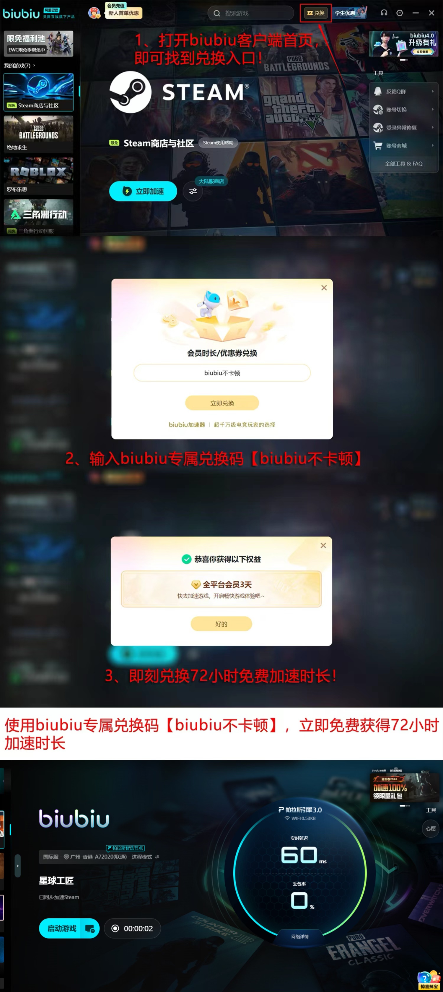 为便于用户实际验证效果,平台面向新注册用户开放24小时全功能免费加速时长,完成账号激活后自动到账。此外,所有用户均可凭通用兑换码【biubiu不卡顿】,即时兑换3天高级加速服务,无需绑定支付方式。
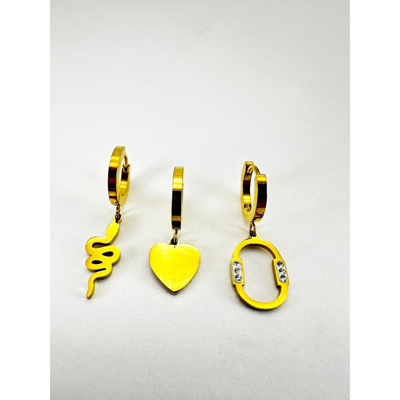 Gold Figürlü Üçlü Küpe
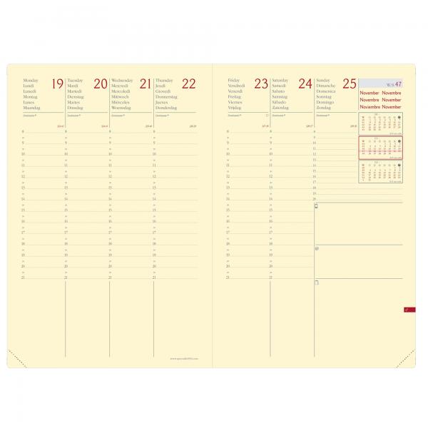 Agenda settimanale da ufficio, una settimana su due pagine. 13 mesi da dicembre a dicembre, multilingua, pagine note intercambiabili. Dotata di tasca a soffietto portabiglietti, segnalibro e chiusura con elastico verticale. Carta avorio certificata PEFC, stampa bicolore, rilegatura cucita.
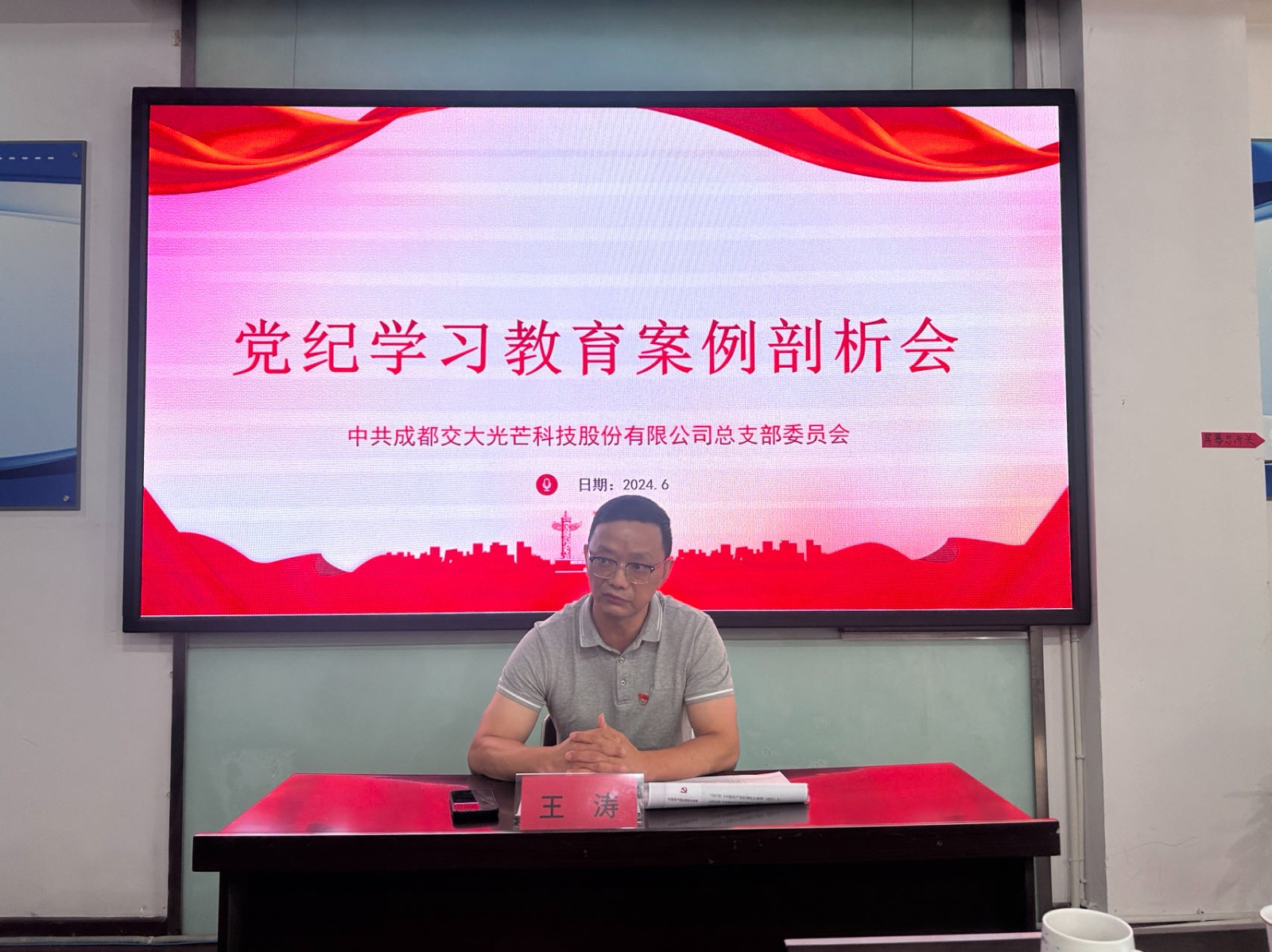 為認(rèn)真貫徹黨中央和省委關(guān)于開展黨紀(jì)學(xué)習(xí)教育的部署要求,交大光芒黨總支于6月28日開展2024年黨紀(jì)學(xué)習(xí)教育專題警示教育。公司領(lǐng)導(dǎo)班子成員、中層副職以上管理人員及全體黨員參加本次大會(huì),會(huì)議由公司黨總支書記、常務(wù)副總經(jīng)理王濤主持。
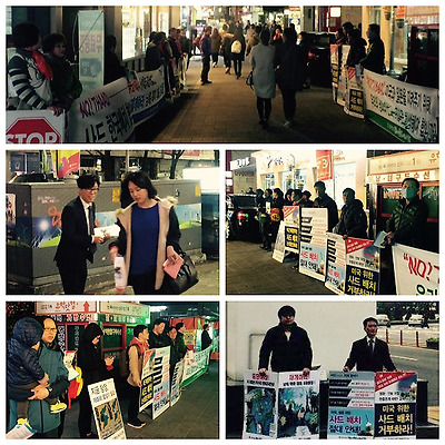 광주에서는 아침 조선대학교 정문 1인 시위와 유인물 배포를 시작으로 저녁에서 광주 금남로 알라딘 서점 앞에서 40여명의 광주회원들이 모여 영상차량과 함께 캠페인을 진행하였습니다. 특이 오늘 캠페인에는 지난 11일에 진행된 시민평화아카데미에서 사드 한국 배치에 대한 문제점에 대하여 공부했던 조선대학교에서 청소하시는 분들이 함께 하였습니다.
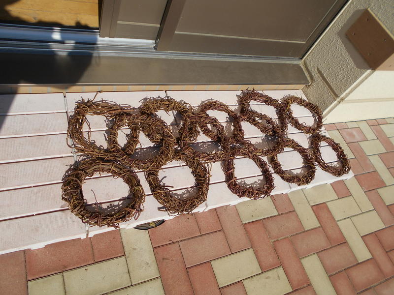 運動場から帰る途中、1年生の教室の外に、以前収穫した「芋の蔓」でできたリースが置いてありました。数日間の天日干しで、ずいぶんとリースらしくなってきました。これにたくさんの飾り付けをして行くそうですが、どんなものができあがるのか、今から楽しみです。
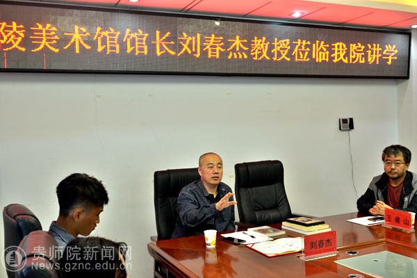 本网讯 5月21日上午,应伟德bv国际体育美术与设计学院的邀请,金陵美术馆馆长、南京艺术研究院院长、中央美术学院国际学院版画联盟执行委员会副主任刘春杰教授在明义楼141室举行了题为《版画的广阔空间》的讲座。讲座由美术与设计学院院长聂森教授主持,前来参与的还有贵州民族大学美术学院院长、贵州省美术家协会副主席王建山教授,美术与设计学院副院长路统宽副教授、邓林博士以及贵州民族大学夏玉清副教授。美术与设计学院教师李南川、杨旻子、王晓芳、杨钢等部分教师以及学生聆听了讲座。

=== Task goal ===
Everything from the line containing "광주에서는 아침 조선대학교" through the last line of the listing above must be output exactly, except the pictures.

=== Exercise output ===
 광주에서는 아침 조선대학교 정문 1인 시위와 유인물 배포를 시작으로 저녁에서 광주 금남로 알라딘 서점 앞에서 40여명의 광주회원들이 모여 영상차량과 함께 캠페인을 진행하였습니다. 특이 오늘 캠페인에는 지난 11일에 진행된 시민평화아카데미에서 사드 한국 배치에 대한 문제점에 대하여 공부했던 조선대학교에서 청소하시는 분들이 함께 하였습니다.
 運動場から帰る途中、1年生の教室の外に、以前収穫した「芋の蔓」でできたリースが置いてありました。数日間の天日干しで、ずいぶんとリースらしくなってきました。これにたくさんの飾り付けをして行くそうですが、どんなものができあがるのか、今から楽しみです。
 本网讯 5月21日上午,应伟德bv国际体育美术与设计学院的邀请,金陵美术馆馆长、南京艺术研究院院长、中央美术学院国际学院版画联盟执行委员会副主任刘春杰教授在明义楼141室举行了题为《版画的广阔空间》的讲座。讲座由美术与设计学院院长聂森教授主持,前来参与的还有贵州民族大学美术学院院长、贵州省美术家协会副主席王建山教授,美术与设计学院副院长路统宽副教授、邓林博士以及贵州民族大学夏玉清副教授。美术与设计学院教师李南川、杨旻子、王晓芳、杨钢等部分教师以及学生聆听了讲座。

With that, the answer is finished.